Our simple schema design is here
https://raw.githubusercontent.com/Fazaarycode/AzureHackathonFoodShareApp/main/schema.sql and we used Sequelize ORM to push updates to Azure SQL DB from NodeJS App. We created seeders for our testing purposes.
Used to show the shortest, fastest route from Producer location to collectors’ as well as Consumer Hubs’ location based on real-time traffic. We also implemented Path-tracing as a functional assistant to refer to the routes.
Here’s a small glimpse of Azure Maps with Animated path tracing from our development changes with a high tolerance for Response Web Design :D
Azure KeyVaults help us secure our tokens using the Managed Identity feature. For local development, we made use of the default credentials strategy. These secrets include Database username, password, connection string as well as secret key for map accounts.
Visualize concentration of congregation in one given location and so on.., construct a SMART algorithm based on these analytics to engage restaurants to bring foods to X location of their choice. Exposing this corpus would enable more business to come along this way, even attempting for a government scheme, mandated in the path of philanthropy.
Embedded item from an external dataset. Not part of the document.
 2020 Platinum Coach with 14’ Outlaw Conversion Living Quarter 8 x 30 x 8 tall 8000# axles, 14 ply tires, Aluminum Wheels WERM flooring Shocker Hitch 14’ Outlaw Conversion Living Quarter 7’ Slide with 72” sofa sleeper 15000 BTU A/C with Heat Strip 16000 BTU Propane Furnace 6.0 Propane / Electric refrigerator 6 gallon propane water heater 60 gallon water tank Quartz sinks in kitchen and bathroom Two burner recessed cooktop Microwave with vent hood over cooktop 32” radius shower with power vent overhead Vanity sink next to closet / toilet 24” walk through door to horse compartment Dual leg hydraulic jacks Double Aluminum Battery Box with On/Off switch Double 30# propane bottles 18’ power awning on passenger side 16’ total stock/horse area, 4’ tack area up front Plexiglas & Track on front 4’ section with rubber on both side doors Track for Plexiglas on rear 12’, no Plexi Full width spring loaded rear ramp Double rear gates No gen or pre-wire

Azure DevOps, Microsoft Planner
We used pipelines to deploy our application. We used Kanban Methodology and kept track of our progress using Microsoft Planner.
Our Eagle view of our Past Present and Future.
Azure SignalR, EventHubs
Partial implementation of SignalR, EventHubs to send push notifications to our web app and our mobile-friendly Xamarin application in the event of assigning a collector for a pickup or informing producers about the delivery of their food to a consumer hub
Future technical goals involve integrating Azure Active Directory and fulfilling implementation of SignalR using webhooks and similar technologies as well as making the map more mobile-friendly.
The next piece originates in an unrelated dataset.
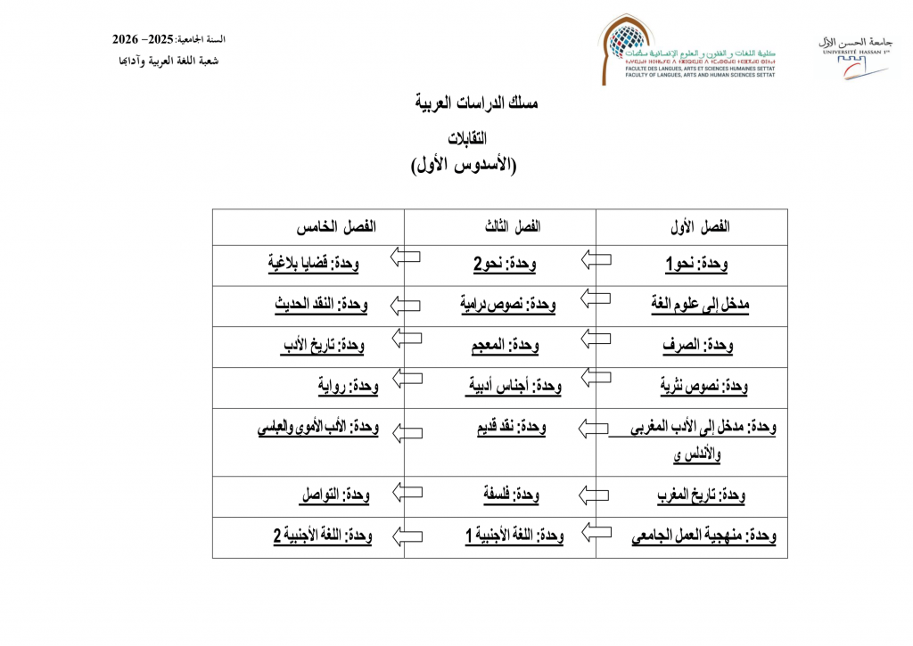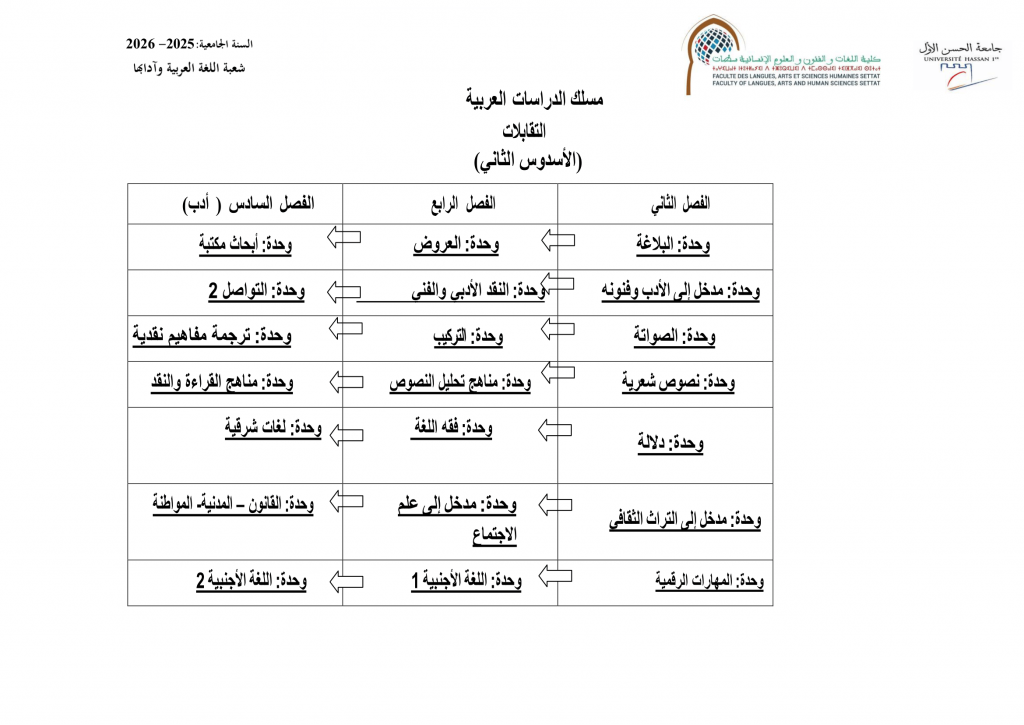 جدول التقابلات الدراسات العربية

The data collected such as food consumption patterns, age groups, ethnicity amongst consumers allow us to understand the required need for food as desired by people attracting potlucks for strangers, sponsored food fest or even organized daily-free-food initiatives by the government or through philanthropists.
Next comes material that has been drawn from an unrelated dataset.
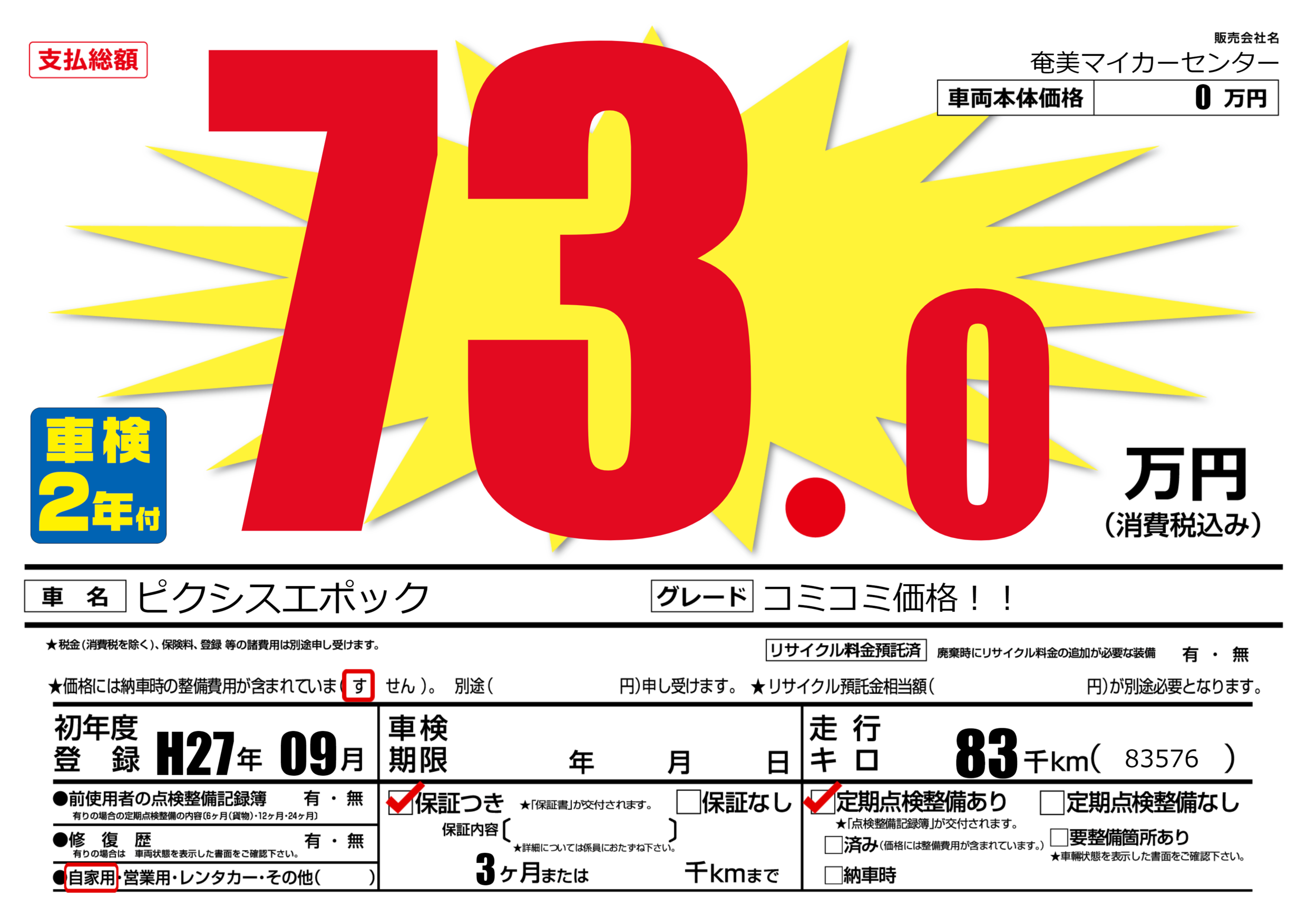| 走行キロ | 8.3万km | 初年度登録 | H27年09月 |
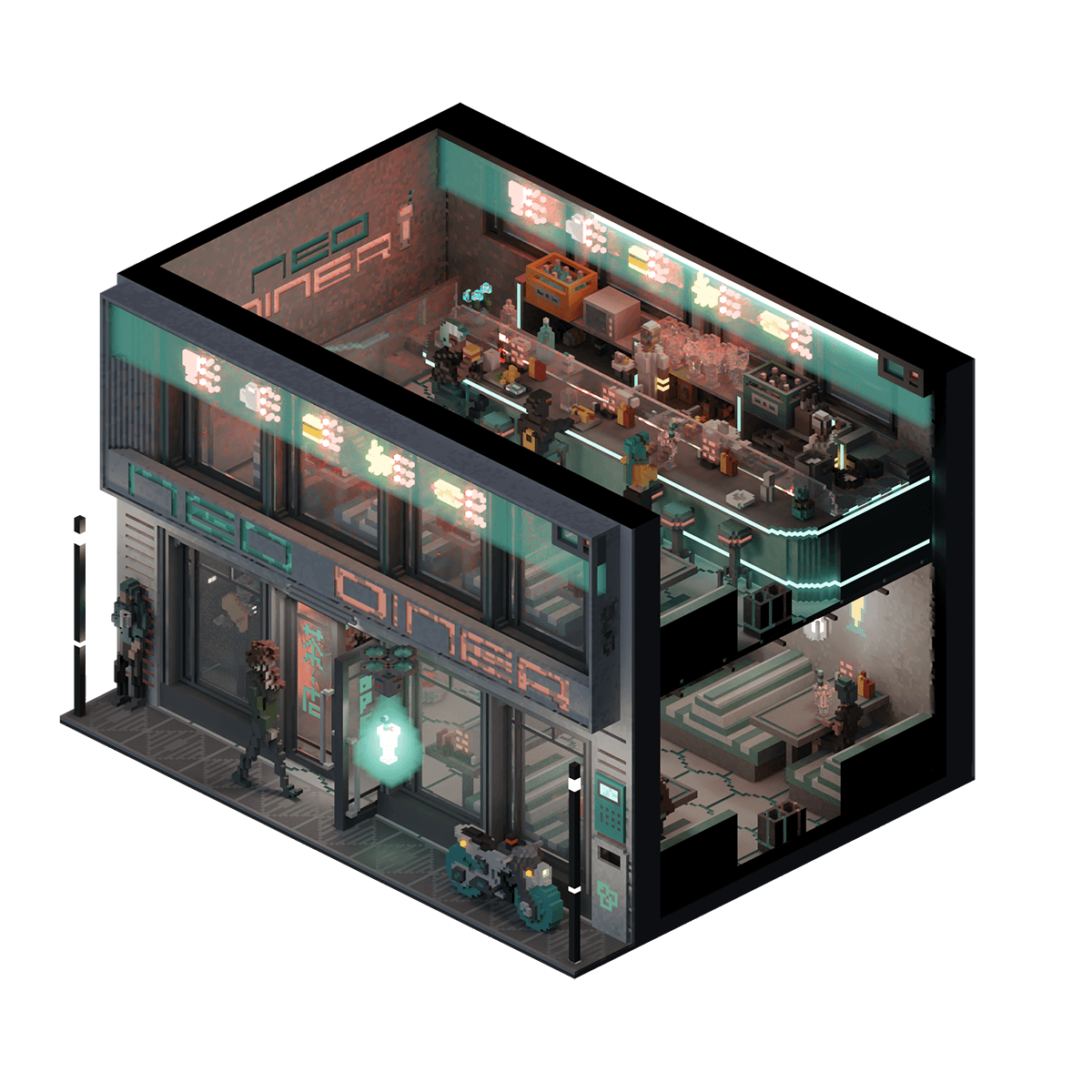 A contemporary take on the classic 1950s lunch car-style diners, the Neo Diner brings the timeless classics of burgers, fries, milkshakes, and jukeboxes to the mouths of the masses in NeoTokyo.

We anticipate making the consumer hubs unmanned — such as vending machines, so as to reduce manual labour and automating the process of dispatching consumer verification & Identity card issuance as well as tagging their profile to the food collected which enable us to trace back every packet of food to each consumer thereby maintaining the integrity of the chain.
Blockchain is also likely to be a great candidate for this sort of transaction, all the way from a Producer to a consumer, thereby eliminating any excuses for starvation, misusing the process or unavailability of available resources.
We placed as first Runners up in Servian Microsoft Azure Hackathon 2021 for our MVP demonstration!